The LandRover 101 Vampire is Sold

Like anything, too much of a good thing can be bad.  Even LandRovers.

And yet like children this never seems to make sense until after the deed is done.  Until after we’ve eaten the whole thing and become violently, wretchedly ill.  I think my experience into 101’s was a bit like this.  Something wonderful gone horrible wrong but once you’re your in.  Ever eaten a whole pint of Ben and Jerry’s?  The last bike never tastes like the first.  It was lesson.  A Story with a moral.

It’s not that the vehicle was a 101.  A 101 is just another LandRover.  As I have said before it is the LandRover of LandRovers.  It’s that my 101 was my first entrance into big money LandRover collecting.  Contrary to appearance, Da and I are not “collectors.”  Yes, we own more than a few but really we are addicts with a problem.  Each day we spend trying to suppress our compulsions to buy any and all LandRovers with money we don’t have.  We are getting better and yet we are never cured.  We go for years but then fall off the wagon again.  Da is better than I but… but I was going to do it!  This time! Own the Expedition LandRover.  A great one.  The great one but it would cost…  And it did.

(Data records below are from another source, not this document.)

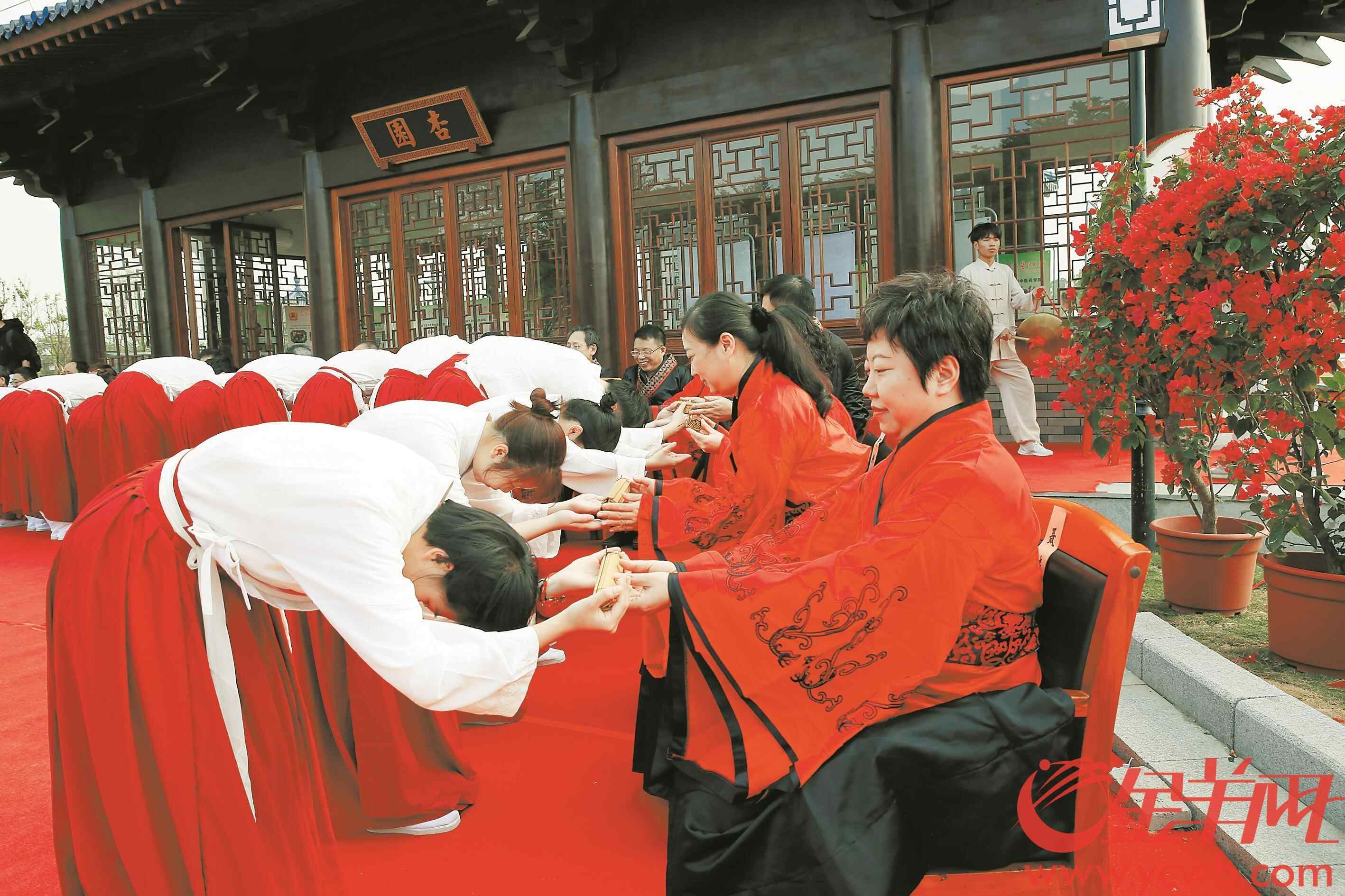 羊城晚报讯 记者陈亮,通讯员蒋雨楠、周子云、黄瑶摄影报道:身着古装,呈拜师帖,呈六礼束脩,呈敬师礼茶……17日,南方医科大学“名老中医传承班”拜师仪式在该校顺德校区中医药文化基地(杏园)举行(见上图)。中医药学院2020级中医学(名老中医传承班)的30名学子正式拜入名老中医导师门下,开启更深层次的杏林生涯。
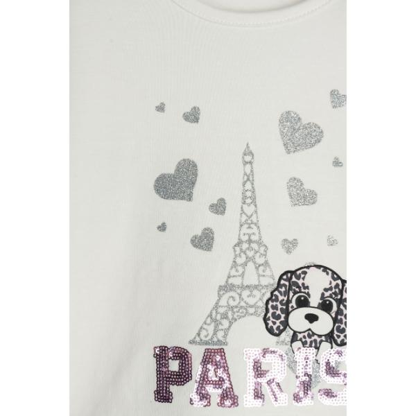 Μπλούζα μακό μακρυμάνικη για κορίτσι από 1 έως 6 ετών, σε χρώμα εκρού με τύπωμα μπροστά και λεπτομέρειες με γκλίτερ ασημί.
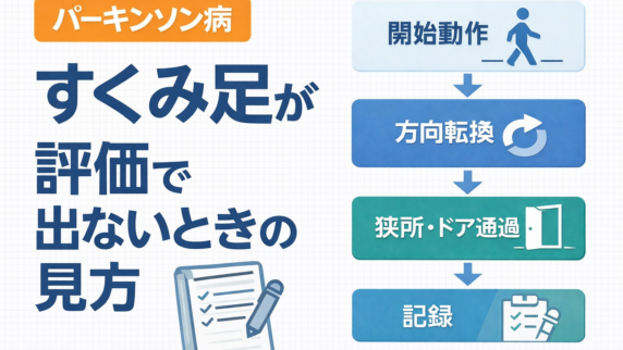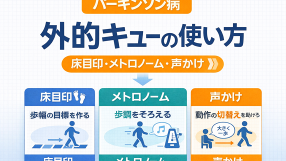 疾患別 パーキンソン病の外的キューの使い方 パーキンソン病の外的キューを、床目印・メトロノーム・声かけに分けて整理します。合いやすい場面、効きにくいときの見直し方、記録の残し方まで PT 向けにまとめました。 2026.04.05 疾患別
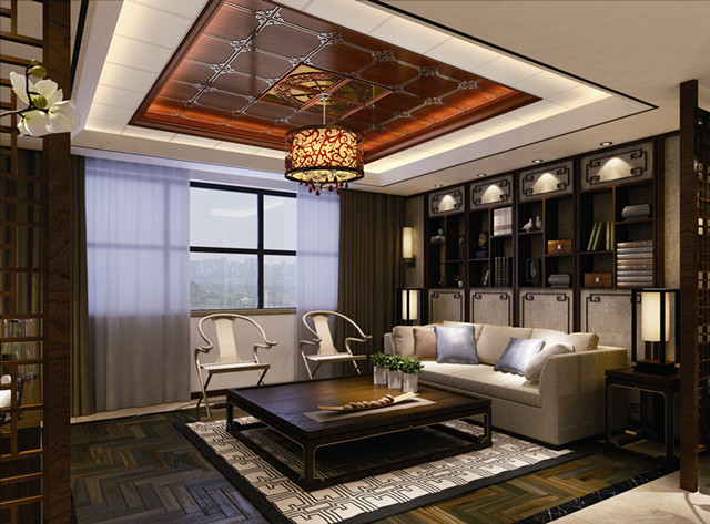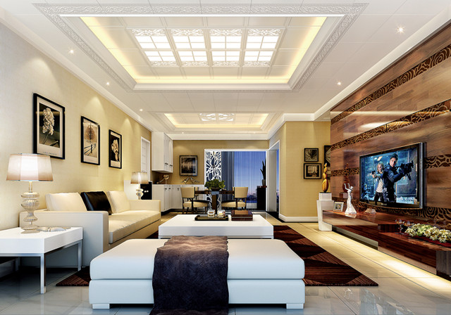 大面積白色的客廳吊頂布局使空間顯得簡(jiǎn)約大氣。層層遞進(jìn)的躍層造型,有助于實(shí)現(xiàn)輕松、隨意的生活方式。中央?yún)^(qū)域帶有精美紋飾的板材與燈帶的點(diǎn)綴,增添了空間的美感與情調(diào),又豐富了客廳的藝術(shù)內(nèi)涵。

If I have learned anything about LandRovers since my 1986 introduction its that all LandRovers symbolize a something terrible powerful to their owners.  A “dream” burned deep into the cores of their psychics.  A dream human compulsions. A dream of adventure. A dream of doing more, being greater, traveling farther etc.  The problem is that LandRovers can be a fabulous procrastination tools at this if necessary and especially if the pocket book is light.  But money is just an excuse.  The 101 taught me that it is not about the vehicle or its worthiness -- it’s about you the owner.  It’s about throwing yourself head long into a dream without letting the consequences get you.  No compromises and even more importantly no regrets.  The Dream must be that important. 

But within this, I also learned that unfulfilled dreams are most important.  They are necessary and are not something that should be fulfilled at any cost.  Sometimes they are better never to be fulfilled at all.  The dream is more important than its actual physical completion.  As an American, brainwashed by a conception of  materialism and manifest destiny, non-productivity as the ultimate goal is a difficult concept to accept.  But I am learning.  Dreams keep us going, striving, yearning, and that is needed to be alive.


May the Bat find a good home with its new owner Bob!

Bye, bye Bat.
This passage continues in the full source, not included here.